21. During the course of hearing, we pointedly asked learned counsel for the Revenue to clarify as to why and the circumstances in which the letter, dated 31-3-1999, was issued informing the petitioner that the benefit under the scheme was not applicable to interest under section 220 amounting to Rs. 75,82,304. The explanation given was the failure of the petitioner to deposit within the stipulated time the amount demanded vide letter dated 10-2-1999, and that the stand of the respondents continues to be that interest under section 220(2) does form part of the "tax arrear" within the meaning of section 87(m). The clarification tendered sets at rest the alleged confusion about the respondent's stand on this issue.
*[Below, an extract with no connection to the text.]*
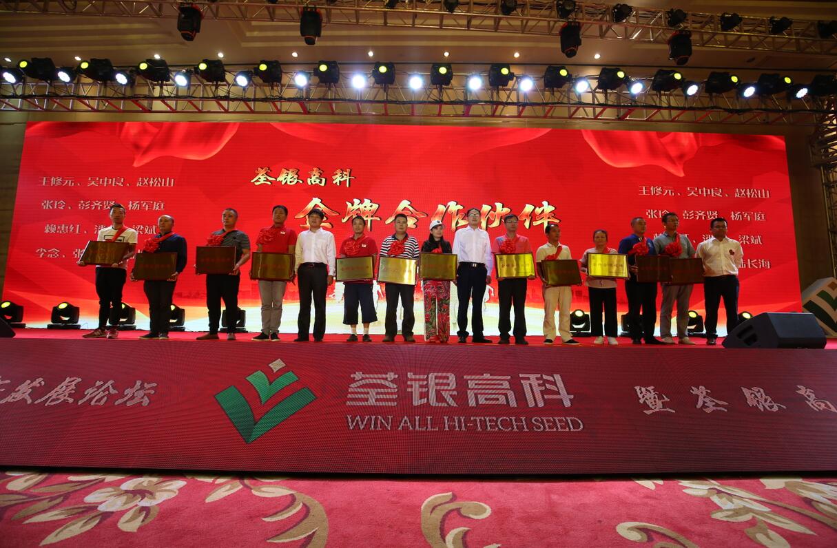 同舟共濟(jì)十五載,攜手同行創(chuàng)未來。會上,還頒發(fā)了基金會“荃銀種業(yè)促進(jìn)獎(jiǎng)”專項(xiàng)獎(jiǎng)、“荃銀高科金牌合作伙伴”、“荃銀高科科研團(tuán)隊(duì)突出貢獻(xiàn)獎(jiǎng)”、“荃銀高科忠誠員工獎(jiǎng)”等,獎(jiǎng)勵(lì)在農(nóng)作物種子科研、生產(chǎn)、推廣、管理和服務(wù)等方面開拓創(chuàng)新做出突出貢獻(xiàn)的優(yōu)秀種業(yè)工作者,以及支持荃銀高科發(fā)展的合作伙伴、優(yōu)秀團(tuán)隊(duì)及忠誠員工。

22. In view of the foregoing discussion, we are unable to accept the contentions raised by learned counsel for the petitioner. We reject the same. The writ petition is accordingly dismissed and the rule is discharged. However. having regard to the fact that there was some bona fide controversy with regard to the issue whether interest under section 220(2) was part of tax arrears, we feel that the petitioner deserves one more opportunity to comply with respondent's letter dated 10-2-1999, and pay the additional amount demanded. Accordingly, we grant one more opportunity to the petitioner to deposit, in terms of letter dated 10-2-1999, the sum of Rs. 37,91,152 within thirty days from today, failing which the respondents will be free to take whatever further action they propose to take in accordance with law. There shall, however, be no order as to costs.